There are only two possibilities:
1) Choose 2 men from group 1 and 2 women from group 2
2) Choose 1 man, 1 woman from group 1 and 1 man, 1 woman from group 2

So the total probability is:

P(2m, 2w) OR P(1m1w, 1m1w)

P(2m, 2w) = (3/4)*(2/3) AND (2/3)*(1/2) = 1/6

P(1w1m, 1w1m) = (1/4)(1) AND (1/3)*(1) = 1/12

add these because of the OR: 2/12 + 1/12 = 3/12 = 1/4



Can someone explain, plz, why this approach is wrong?


This approach can work, but you have to be careful about defining the probabilities. The definition here for the probability of picking one woman and one man from each group assumes that the woman is picked first.
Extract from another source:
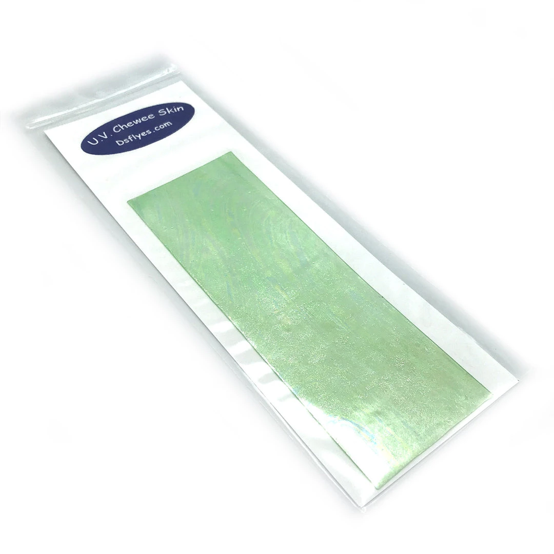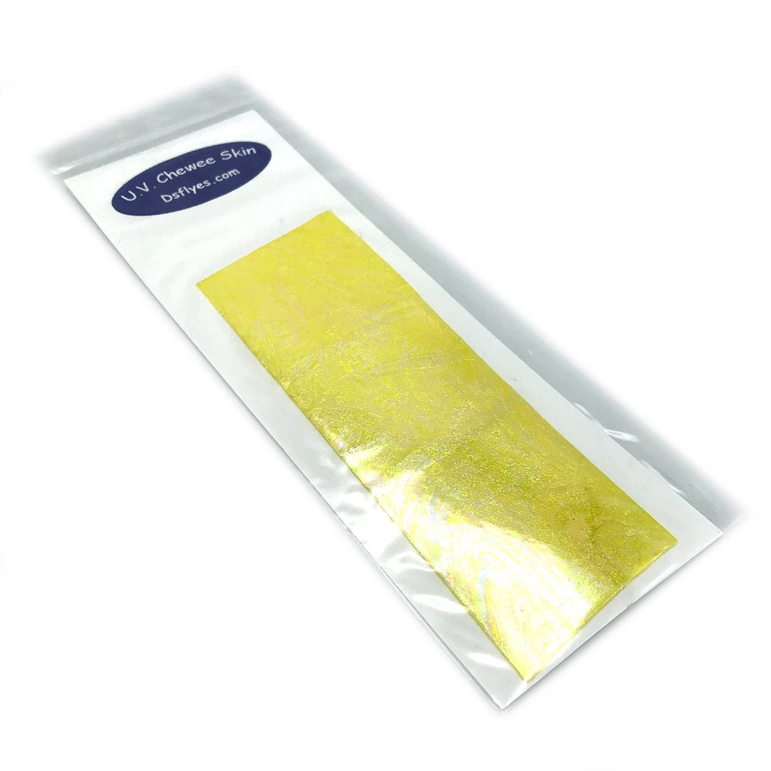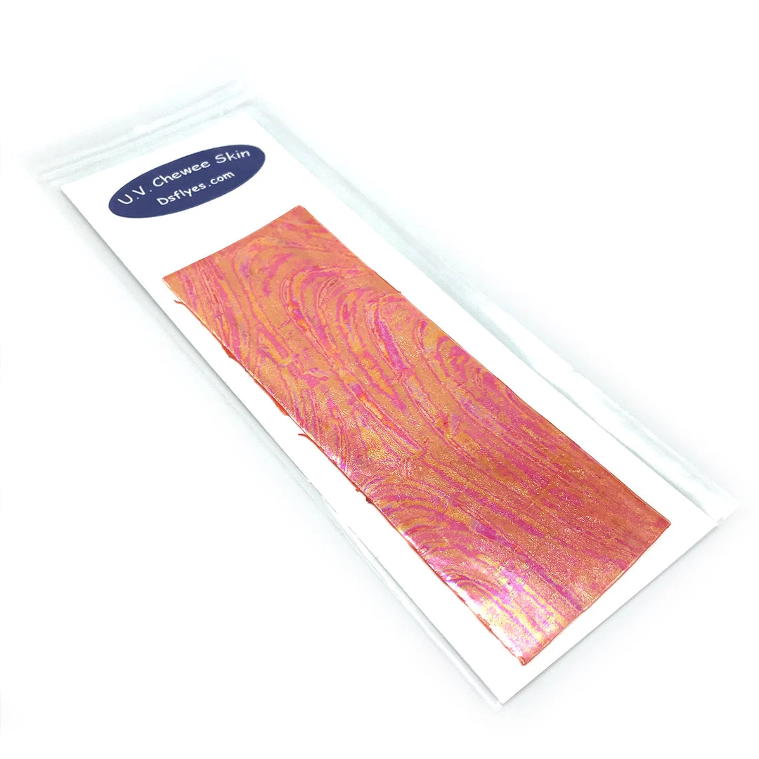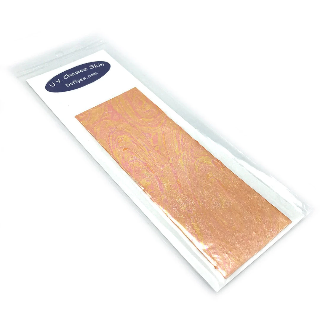 UV Chewee Skin is a pliable material that can be cut and shaped for many fly tying applications. Great for wing cases, bodies, ribs and more. This material wraps easily, has a natural sheen, and since it DOES NOT have an adhesive backing, it is extremely easy to use. The UV reflective qualities of Chewee Skin also make it more visible to trout, salmon, steelhead, and other game fish, even more so than fluorescent materials. UV Chewee skin has a multitude of uses at the fly tying bench and it’s a material that adds that little something that the fish just love. Cut it into strips, wrap it around the hook, and you have an easy and effective worm pattern. The possibilities are endless with this material, so have fun and get creative. Available in 19 fish-attracting UV colors!

But that's not necessarily true. What we really need is:

P[(1w1m OR 1m1w, 1w1m OR 1m1w)] = [(1/4)*1+ (3/4)(1/3)] * [(1/3)*1+(2/3)(1/2)] = [(1/4) + (1/4)] * [(1/3) +1/3)] = (1/2) * (2/3) = 1/3.

When you add this to the 1/6 from the 2-man situation, you get the correct answer. In this case, it's not the most efficient way to solve the problem (ywilfred's method is more straightforward), but it does get the job done.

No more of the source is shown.